● **Data records**:
---

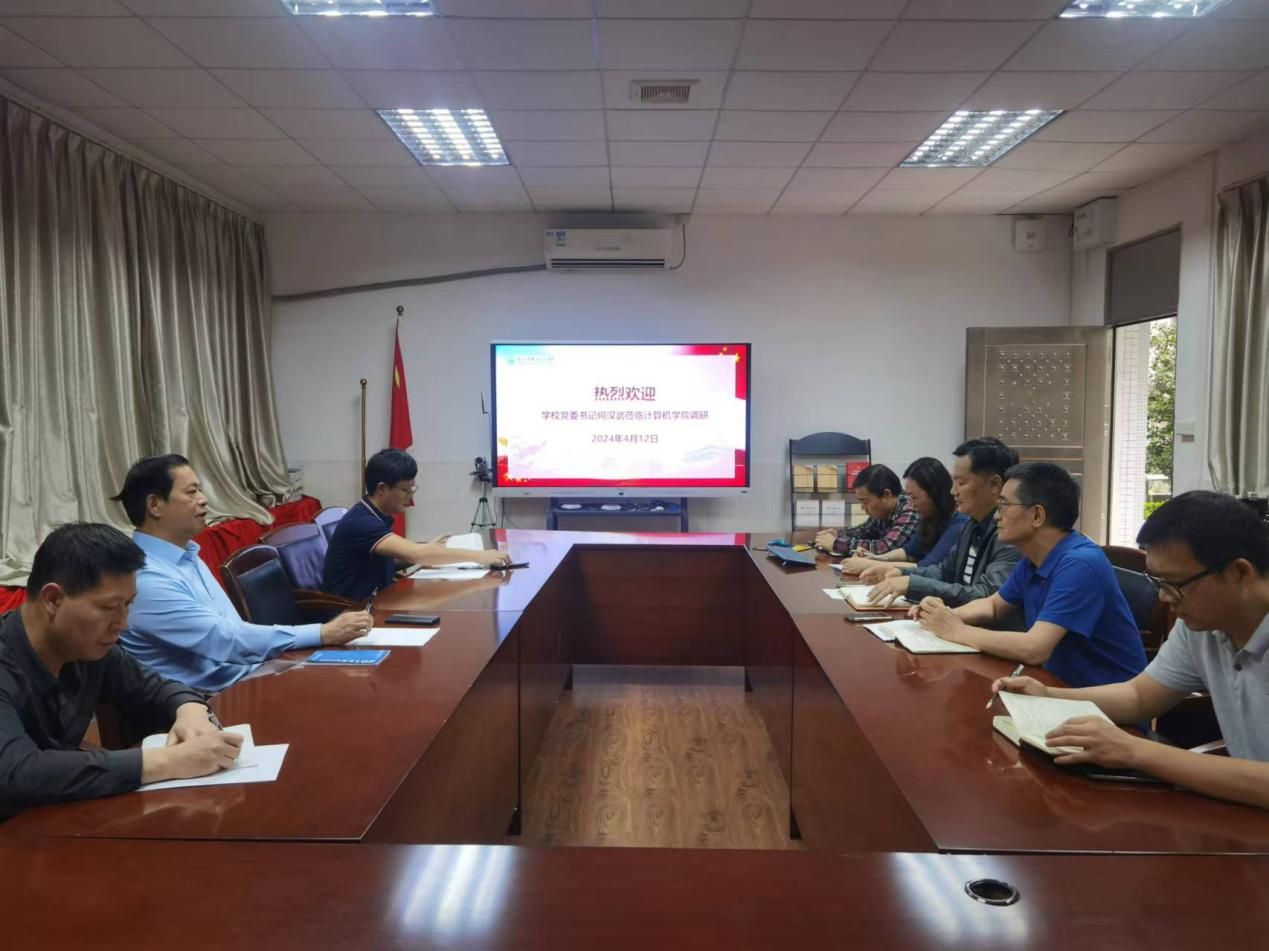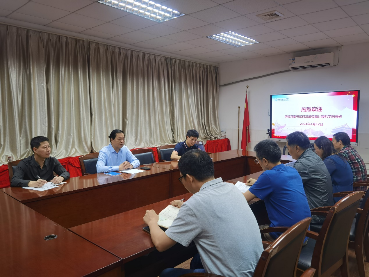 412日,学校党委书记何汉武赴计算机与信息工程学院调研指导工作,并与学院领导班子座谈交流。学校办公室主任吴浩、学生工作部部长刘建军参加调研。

---

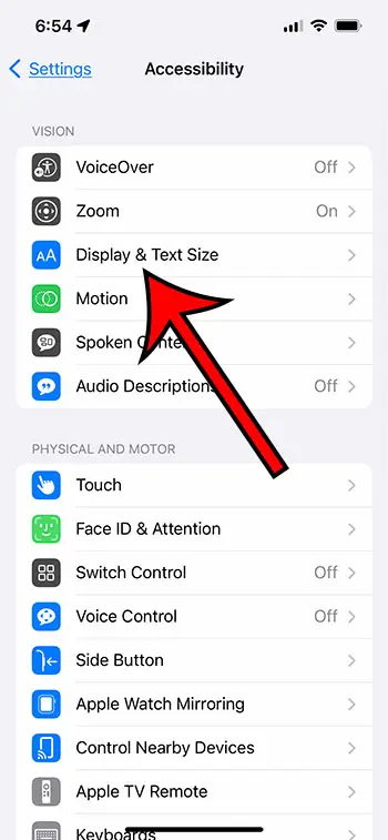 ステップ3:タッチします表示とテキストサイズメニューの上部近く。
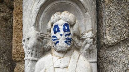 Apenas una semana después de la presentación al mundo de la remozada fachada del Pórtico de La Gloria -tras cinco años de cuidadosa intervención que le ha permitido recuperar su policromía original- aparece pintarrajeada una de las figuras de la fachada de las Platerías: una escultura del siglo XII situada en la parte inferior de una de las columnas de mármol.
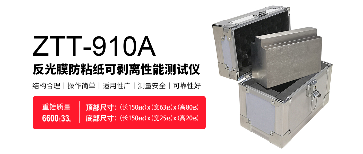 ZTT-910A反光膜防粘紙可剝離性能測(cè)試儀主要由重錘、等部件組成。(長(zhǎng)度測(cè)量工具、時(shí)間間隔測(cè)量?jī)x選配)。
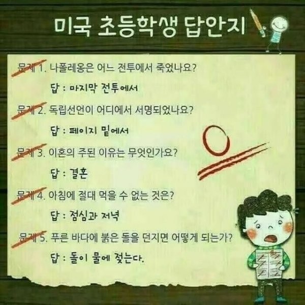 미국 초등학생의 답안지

---

● **Task**:
Of the records above, print only the lines from the one containing "ZTT-910A反光膜防粘紙" through the one containing "미국 초등학생의 답안지", inclusive and unaltered, leaving out pictures.

● **Response**:
 ZTT-910A反光膜防粘紙可剝離性能測(cè)試儀主要由重錘、等部件組成。(長(zhǎng)度測(cè)量工具、時(shí)間間隔測(cè)量?jī)x選配)。
 미국 초등학생의 답안지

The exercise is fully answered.